Les riverains peuvent souffler : d’ici à 2030, la pollution va reculer. C’est l’effet mécanique d’une réduction globale du trafic routier – la part des déplacements automobiles est déjà passée de 34 à 25% entre 1995 et 2006 à Lyon et Villeurbanne. C’est ainsi qu’au sud de l’avenue Gambetta, le trafic va passer de 30 300 véhicules/jour à 27 078, et de 26300 véhicules/jour à 24320 entre la rue d’Arménie et celle de l’Abondance. De ce point de vue, le projet de la communauté urbaine est une réussite. Les habitants vont pouvoir compter aussi avec des voitures de moins en moins polluantes. Mais ils n’ont rien à espérer des aménagements prévus. "Il n’y a pas d’amélioration notoire de la qualité de l’air à attendre du projet", euphémise le rapport. Des simulations ont été réalisées à horizon 2030, selon que l’on exécute ces travaux ou qu’on laisse l’axe en état. Surprise : le laisser-faire vaut mieux.

Sur l’ensemble de la rue Garibaldi, les émissions de monoxyde de carbone sont ainsi de 51.65 kg sans projet, de 57.51 kg avec ; celles d’oxydes d’azote de 33.09 kg sans, de 34.57 avec ; et celles de particules de 1.99 kg sans, de 2,17 kg avec. Au final calcule l’étude, sur la portion réaménagée, la pollution augmente de 9 à 25% selon les gaz, si l’on fait l’aménagement plutôt que si on ne le fait pas.

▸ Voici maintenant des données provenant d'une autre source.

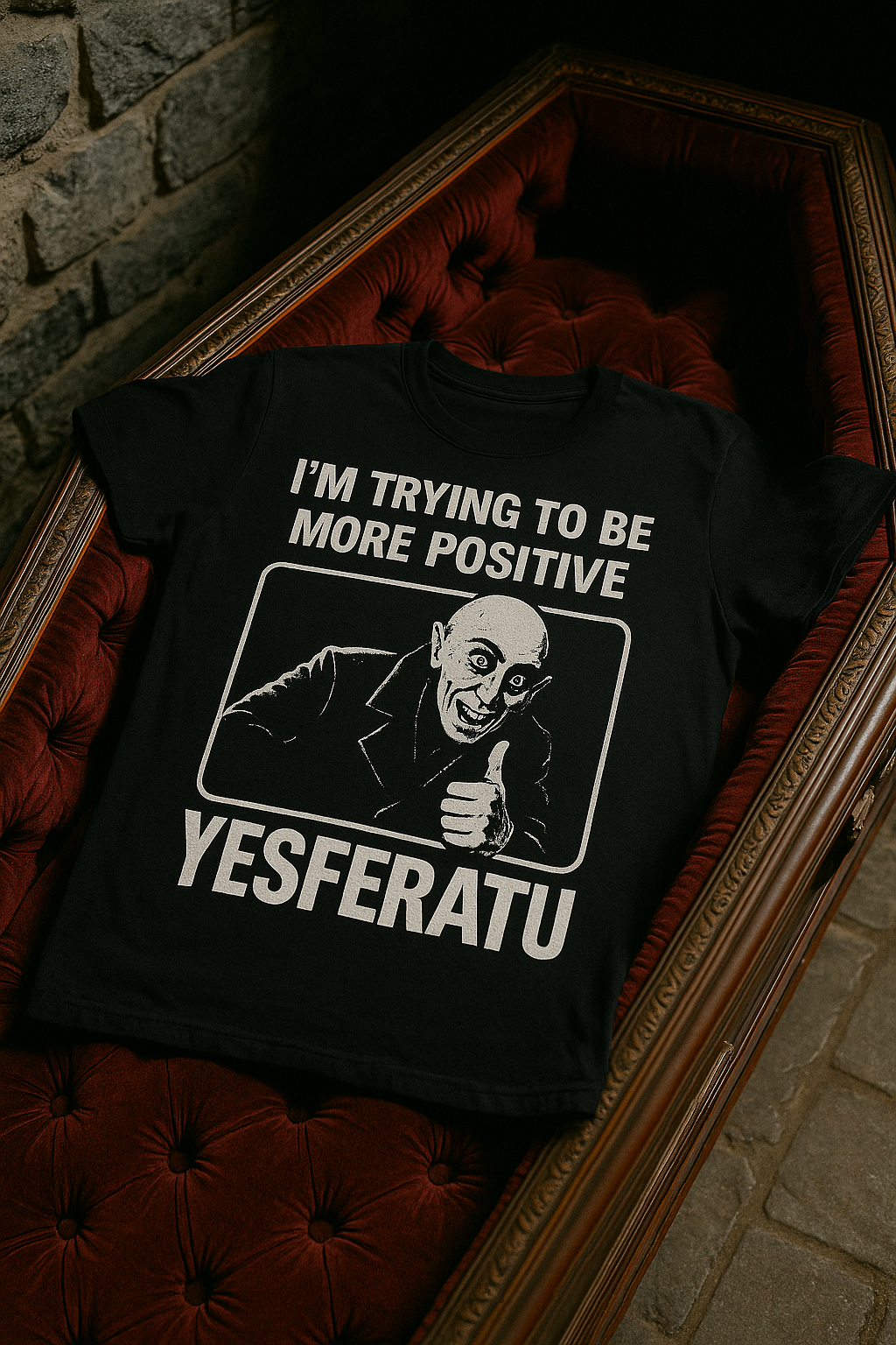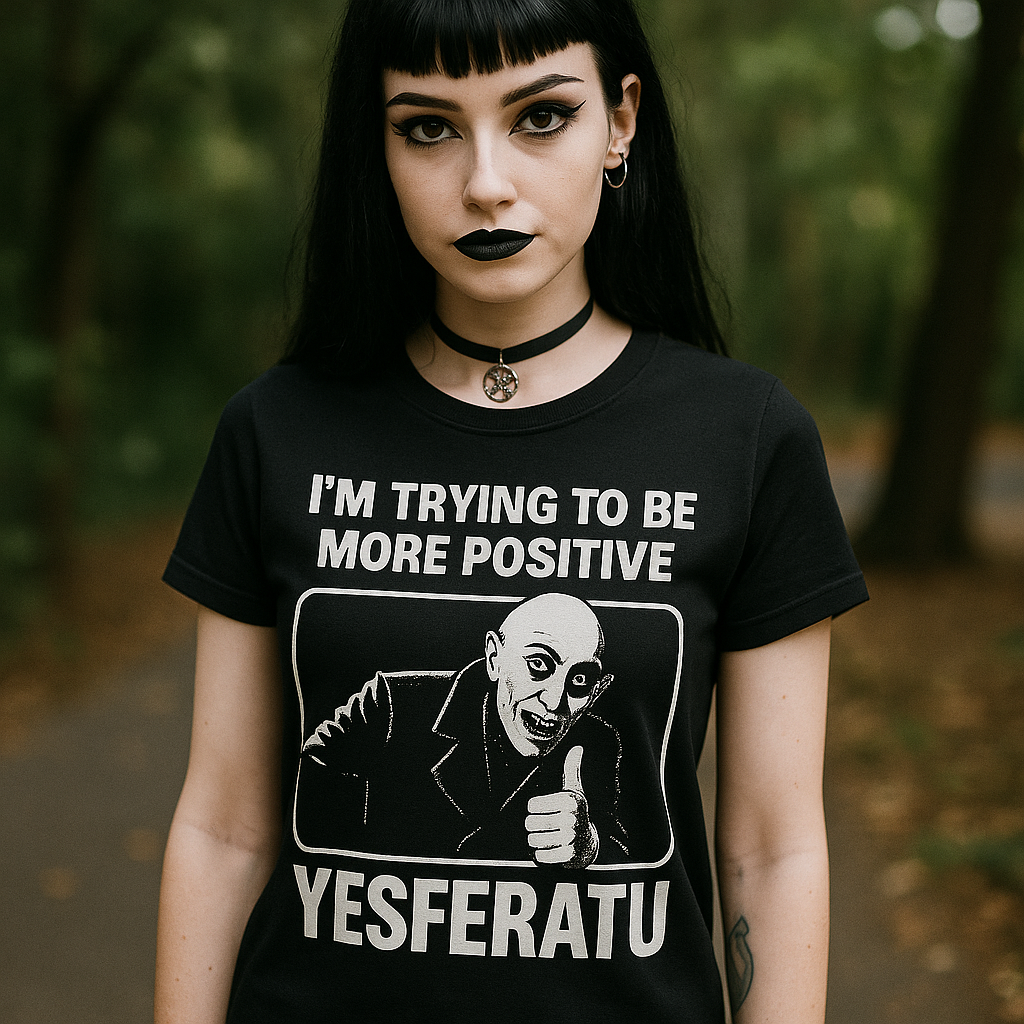 This undead classic features the one and only Yesferatu—Nosferatu’s slightly more optimistic cousin—flashing a thumbs up while dead inside (and outside). Perfect for goths with a sense of humor, horror nerds, and introverts forced to leave the crypt.

Monoxyde de carbone Oxyde d’azote Composés organiques volatils Particules
Etat actuel 2010 99.81 kg 39.49 kg 9.21 kg 2.71 kg
Horizon 2030 sans projet 51.65 kg 33.09 kg 5.17 kg 1.99 kg
Horizon 2030 avec projet 57.51 kg 34.57 kg 5.52 kg 2.17 kg

Faible vitesse = plus d’émissions de polluants

L’étude donne des pistes d’explication à ce résultat inattendu : la suppression des trémies provoque un ralentissement de la circulation. Or une voiture pollue plus à 40 km/h qu’à 50 km/h (voir graphique ci-dessous). Il faut aussi prendre en compte le rétablissement de 13 carrefours "dont le régime pulsé induit une augmentation des émissions (de 75% à 10 km/h pour un véhicule léger)". L’étude comptabilise le nombre d’heures de trajets quotidiens effectués par les automobilistes sur la rue Garibaldi. Il est aujourd’hui de 1896. Il sera en 2030 de 1754h/jour sans aménagement, de 1906h/jour avec. Soit une perte de 152 heures de trafic supplémentaire avec la réduction à 3 voies. C’est cet engorgement qui est à l’origine de la pollution supplémentaire. Le pari de la municipalité lyonnaise et de nombreuses villes françaises – engorgement des voies = baisse de la pollution - est battu en brèche. Eric Lafond y voit une cause : l’absence d’alternative en transport en commun. Car à la différence de l’avenue Berthelot qui a amélioré la qualité de son air avec l’arrivée du tram, le projet de réduction de voiries automobile n’est pas ici couplé avec la mise en service d’un transport collectif performant. D’où la proposition de l’élu centriste de n’aménager que "deux voies automobiles" avec de vraies alternatives en transport en commun.

Plus d’accidents aussi !

On dénombre aujourd’hui 30 accidents par an. Après le réaménagement, ce sera là aussi pire : sur une tranche de six ans, comparée à la période 2004-2010, on comptera + 0.45 tués (sic), + 4,82 blessés graves et + 19,13 blessés légers. Des drames qui surviendront notamment aux abords des 13 nouveaux carrefours.